GIS/Text Search - image courtesy MetaCarta.
MetaCarta’s GIS-constrained text searching technology (see below) gets our virtual ‘star of the show’ award. MetaCarta couples GIS and text by integrating a geographical place-name lexicon with a text search engine. Office and HTML documents are indexed by MetaCarta’s Geographical Text Search engine such that all place names recognized in free-text documents are spatially located. This then makes for interesting to and fro searching between text and spatially-delineated areas.
We spotted an interesting geocoding application from Paradigm (pdigm.com) Paradigm’s community awareness service uses pipeline centerline data to locate people living within the specified distance. This can save considerable postal costs over bulk mailings to the postal carrier route or to the whole zip code. Another example of innovative GIS use came from PBSJ whose corridor constraints analysis helps environmental workers permit oil and gas pipelines. R7 Solutions has just released GeoRoom—a front end to data in disparate datastores such as Finder and P2000. The software offers the casual data room user a single entry point to spatial data avoiding multiple interfaces. Amerada Hess is a user. GeoRoom uses Microsoft SharePoint Services and has hooks into FileNet (Hess’ document management system).

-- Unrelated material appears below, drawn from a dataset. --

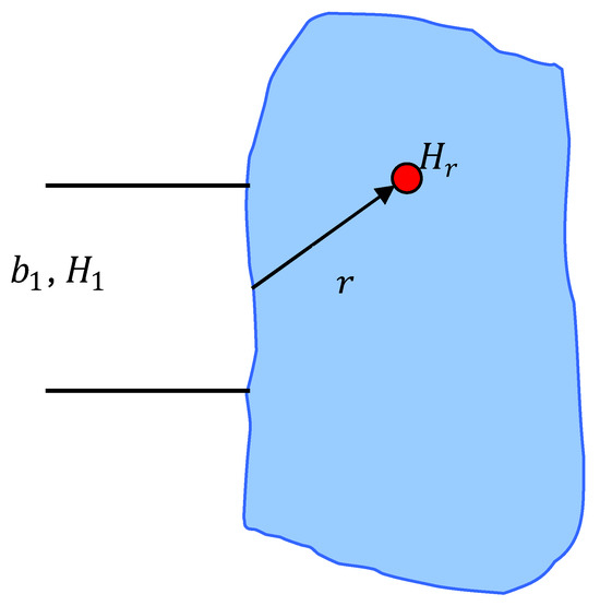 Applying the energy conservation equation between an aperture of width and a semicircle of radius , Equation (16) is obtained for estimating the wave’s amplitude at a distance from the source. The schematisation of these structures is presented in Figure 4. This expression can be used to correct the level function:

Tobin’s Vendor Data Index allows users to search data from multiple vendors from a single map interface and to overlay and compare with in-house data. Information on data located though the WebViewer can be listed in terms of header information and spatial representation. Data types include seismic, well logs, production and other Tobin Data.
MJ Harden has developed a new field data collection tool for pipeline engineers and is working with ESRI on pipeline-specific schematics. ArcPad is now embedded in MJ Harden applications.